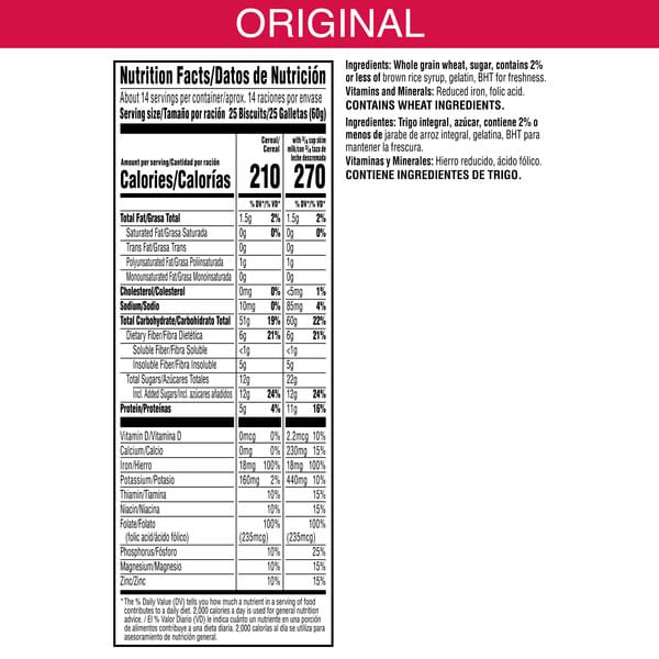 Whole Grain Wheat, Sugar, Contains 2% Or Less Of Brown Rice Syrup, Gelatin, Bht For Freshness, Vitamins And Minerals: Reduced Iron, Folic Acid
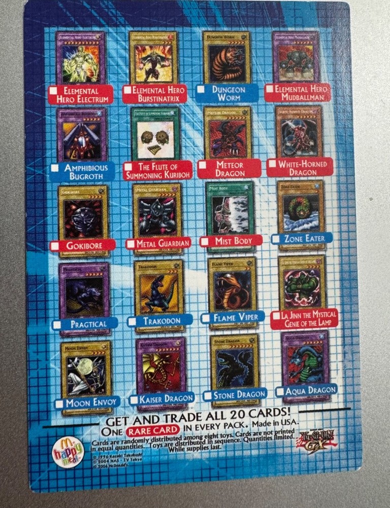 Yu-Gi-Oh! GX McDonalds Happy Meals Promo Card Checklist RARE Item comes from a smoke free environment Please view our other items to save and combine on postage. Thank you for looking. Please save us as a favourite seller and sign up for our mailing list for news, updates and specials just for you. Do you have an item or collection you are thinking about selling? We are always interested in buying. Send us a message with details.
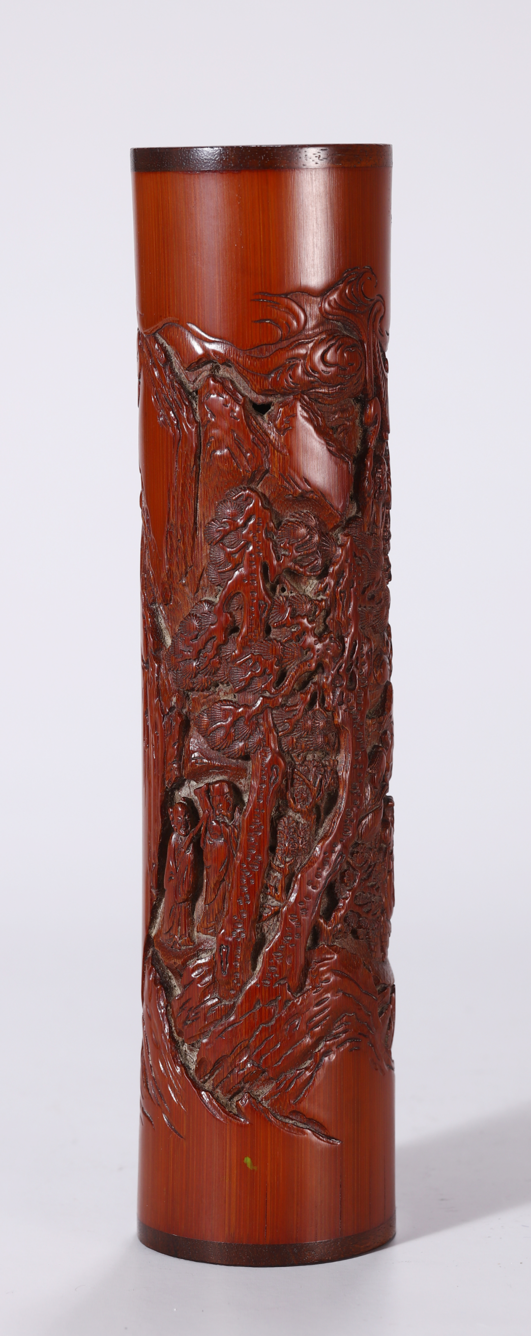 本品为竹木制香筒,筒身通直,竹木质地温润,包浆醇厚,承座扁平。筒身以透雕法饰高士山水筒,雕工贴合竹木纹理,工笔讲究,技法精湛,山石林木间,卷云舒展,亭台隐现,又有高士形于其间,吟诗作赋,结伴赏趣,游戏山水、文雅抒情之意境尽显,清静自然之意蕴悠长。竹雕香筒,又称为“香笼”,是一种燃点直式线香的香具,与插香的小筒有所分别。为了使香气能迅速四溢,故这类香筒大多采用透雕法制作。置此品于文房之中,闲暇静思、吟诗作画之时,可感阵阵清香自玲珑剔透的筒壁溢出,可谓文房佳品,可呈趣味盎然。

• [WORK ORDER]: The answer must repeat every line of the listing exactly and leave the pictures out.

• [EXERCISE RESULT]:
 Whole Grain Wheat, Sugar, Contains 2% Or Less Of Brown Rice Syrup, Gelatin, Bht For Freshness, Vitamins And Minerals: Reduced Iron, Folic Acid
 Yu-Gi-Oh! GX McDonalds Happy Meals Promo Card Checklist RARE Item comes from a smoke free environment Please view our other items to save and combine on postage. Thank you for looking. Please save us as a favourite seller and sign up for our mailing list for news, updates and specials just for you. Do you have an item or collection you are thinking about selling? We are always interested in buying. Send us a message with details.
 本品为竹木制香筒,筒身通直,竹木质地温润,包浆醇厚,承座扁平。筒身以透雕法饰高士山水筒,雕工贴合竹木纹理,工笔讲究,技法精湛,山石林木间,卷云舒展,亭台隐现,又有高士形于其间,吟诗作赋,结伴赏趣,游戏山水、文雅抒情之意境尽显,清静自然之意蕴悠长。竹雕香筒,又称为“香笼”,是一种燃点直式线香的香具,与插香的小筒有所分别。为了使香气能迅速四溢,故这类香筒大多采用透雕法制作。置此品于文房之中,闲暇静思、吟诗作画之时,可感阵阵清香自玲珑剔透的筒壁溢出,可谓文房佳品,可呈趣味盎然。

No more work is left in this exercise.